Bruce Smith

Profile
- Positions: Linebacker • Defensive end • Defensive tackle

Personal information
- Born: March 28, 1949 Huntsville, Texas
- Died: January 3, 2013 (aged 63) Toronto, Ontario
- Height: 6 ft 2 in (1.88 m)
- Weight: 235 lb (107 kg)

Career information
- College: Colorado Boulder

Career history
- 1972–1973: Hamilton Tiger-Cats
- 1974: Edmonton Eskimos
- 1975: Ottawa Rough Riders
- 1976–1979: Toronto Argonauts

Awards and highlights
- Grey Cup champion (1972);

= Bruce Smith (Canadian football) =

American gridiron football player (1949–2013)

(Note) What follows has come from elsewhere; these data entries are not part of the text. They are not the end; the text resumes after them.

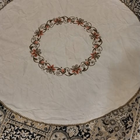 Kaunis mintunvihreä jackard-kuvioinen pyöreä pöytäliina. Ruusu kuvio.
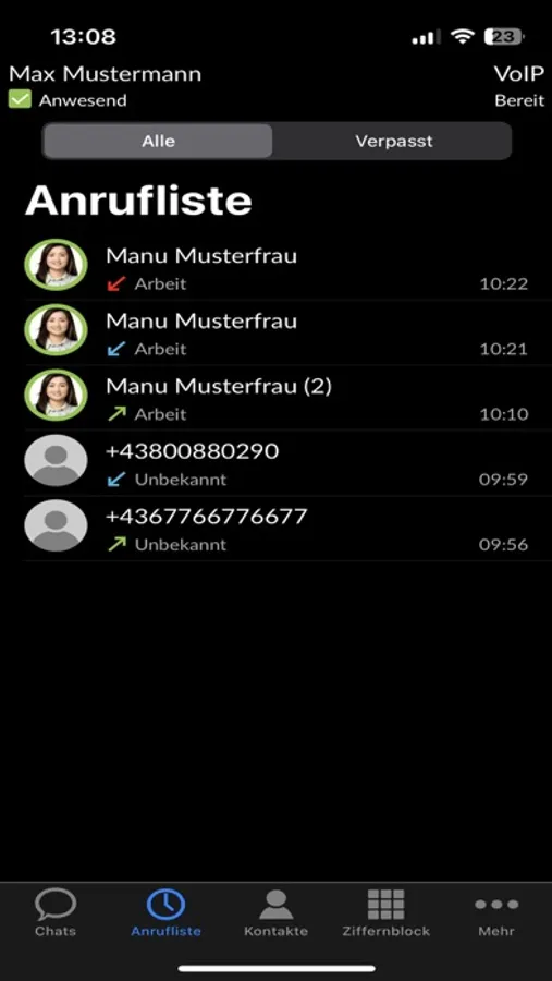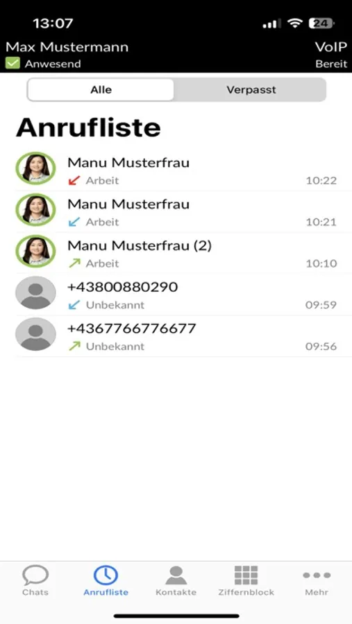 • Zugriff auf die zentrale Anrufliste (inkl. Filteroption)
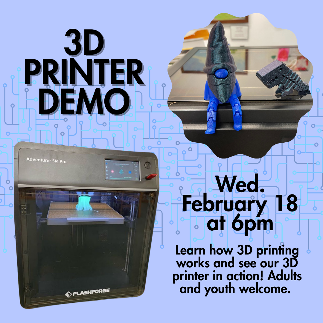 Learn how 3D printing works and watch a demo of the library’s new 3D printer, made possible by the NH Charitable Foundation's technology grant! Adults and youth welcome. |
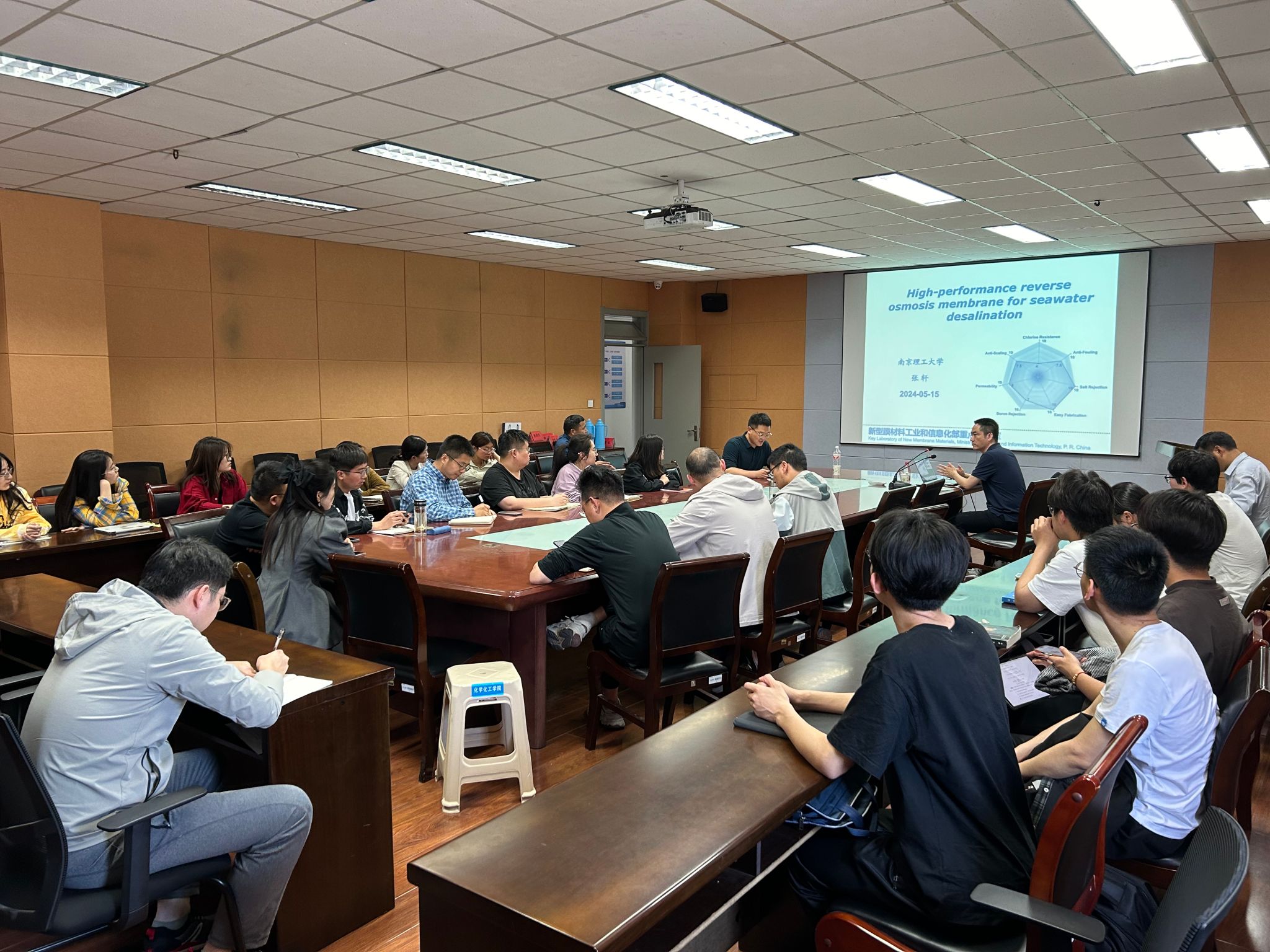报告结束后,与会师生就反渗透复合膜基膜的选择、膜通量和抗污染性能之间的权衡以及研究生培养等相关问题与张轩教授进行了热烈、深入的交流。

Bruce Smith (March 28, 1949 – January 3, 2013) was a Canadian football player who played for the Hamilton Tiger-Cats, Edmonton Eskimos, Ottawa Rough Riders and Toronto Argonauts. He won the Grey Cup with Hamilton in 1972. He played college football at the University of Colorado Boulder. After retiring from the CFL he became a successful real estate agent in Toronto. A born-again Christian, Smith became an ordained chaplain at King Bay Chaplaincy in 1999. He also worked with Upper Canada College's Chaplain Service. He died of pancreatic cancer in 2013. His memoir, Our Father: The Prodigal Son Returns, was published posthumously the same year.